# drawing aid vs using cad



## woodman12 (Feb 12, 2012)

handy for people who are not good at cad---diagram to dxf to the cnc 


guitar body from tracing - YouTube drawiing aid

This portable drawing aid is great ,I have used it with cnc router/spindle or cnc co2 laser.
I do not spend enough time with a cad program to become good at it ,so i use this drawing aid and with a small amount of tries
it was worked for me .Its not real cheap around 1400,00 US funds but its easy to use and you can copy parts also
i have included a gasket i traced to cut on the 100 watt laser

copying and cutting an old gasket - YouTube
If there is any interest i can steer you to the source,the guys name is john walsh and he's excellent to deal with
i also have a draw program that i can trace from a monitor screen and a draw program for doing soemthing large like 6 feet long
called combine ,its stiches a bunch of small diagrams to make one large *.dxf file


----------



## JOAT (Apr 9, 2010)

This is advanced as I get.
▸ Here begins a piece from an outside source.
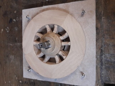 le moyeux avec sont trou fait avec une broche maison

Works for me.


----------



## woodman12 (Feb 12, 2012)

That is not so simple ,you are able to draw a diagram and then get it into a vector format and then produce the gcode for a cnc machine.
You are doing Ok and don't need any drawing aid to get it into a dxf format


----------



## JOAT (Apr 9, 2010)

woodman12 said:


> That is not so simple ,you are able to draw a diagram and then get it into a vector format and then produce the gcode for a cnc machine.
> You are doing Ok and don't need any drawing aid to get it into a dxf format


:haha: Yep, for me it is so simple. I freehand sketch a design I like, lay it out on graph paper to get the dimensions, then lay it out on a piece of plywood for a pattern, cut it out, glue it to a second piece of plywood, then when the glue is dry, rout using the first piece as a template. That gives me my master. Then I nail it to the piece I want to form, and rout; repeat as desired, for duplicate, accurate, copies. No CNC involved. I'm way too broke to afford any CNC machines, and doubt I'd buy any if I could. That would take all the enjoyment out of it for me. I can buy a lot of wood for $1400. I don't know what a what vector or dxf formats are, and don't care. :no:


----------